Question

$A\:projectile\:is \: projected\: from \: ground \\with\: initial \: velocity\:(u_{0} i +v_{0} j) m/s. \\ If \: acceleration\: due\: to\: gravity\: is\: a = -gj,\\ then \:what\: will\: be\: the\: maximum\: vertical\\ displacement\: for \: maximum\: horizontal\\displacement?$

Answer 1

Hello mate !!

Thanks for asking this question !!

your answer is =>

As we know that, the maximum horizontal Displacement is called as Range of Projectile and maximum vertical displacement is called as Height of projectile.

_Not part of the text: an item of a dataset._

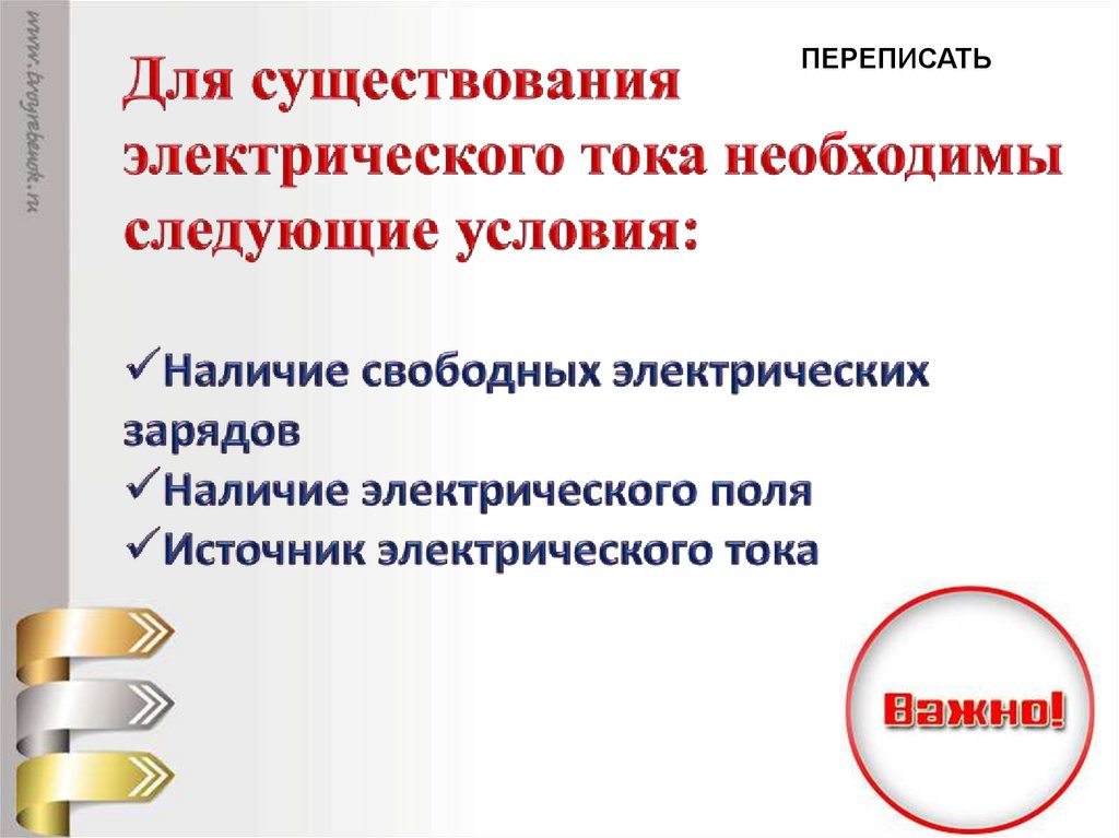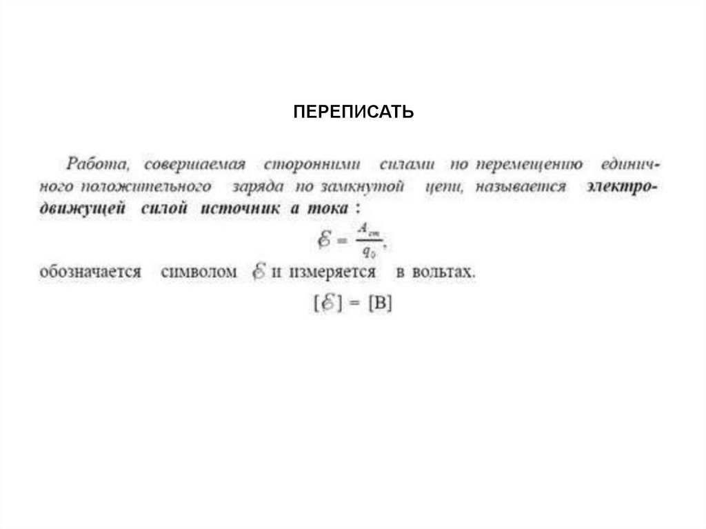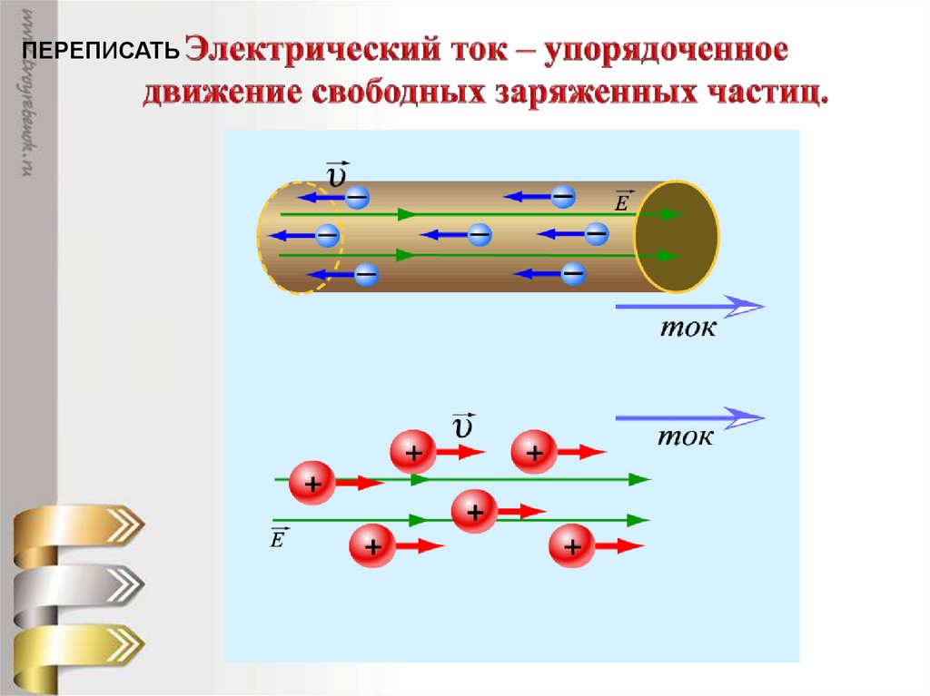 ПЕРЕПИСАТЬ13. ЭЛЕКТРИЧЕСКИЙ ТОК – ЭТО УПОРЯДОЧЕННОЕ НАПРАВЛЕННОЕ ДВИЖЕНИЕ ЗАРЯЖЕННЫХ ЧАСТИЦ

so, by using the relation for maximum height of projectile ,

$=>\:\boxed{H\: =\: \frac{u^{2}}{2g}}$

here, velocity of projectile is given as =>

$=>u\: =\: u_{0}i\: +\: v_{0}j$

so, the resultant velocity will be ,

$=>\:u\: =\sqrt{u_{0}^{2}\:+v_{0}^{2}}$

substitute value of "u" in above equation ,

$=>\:H\: =\: \frac{\sqrt{u_{0}^{2}\:+v_{0}^{2}}^{2}}{2g}$

your final answer will be =>

$=>\:\boxed{\bf{H\:=\:\frac{u_{0}^{2}\:+\:v_{0}^{2}}{2g}}}$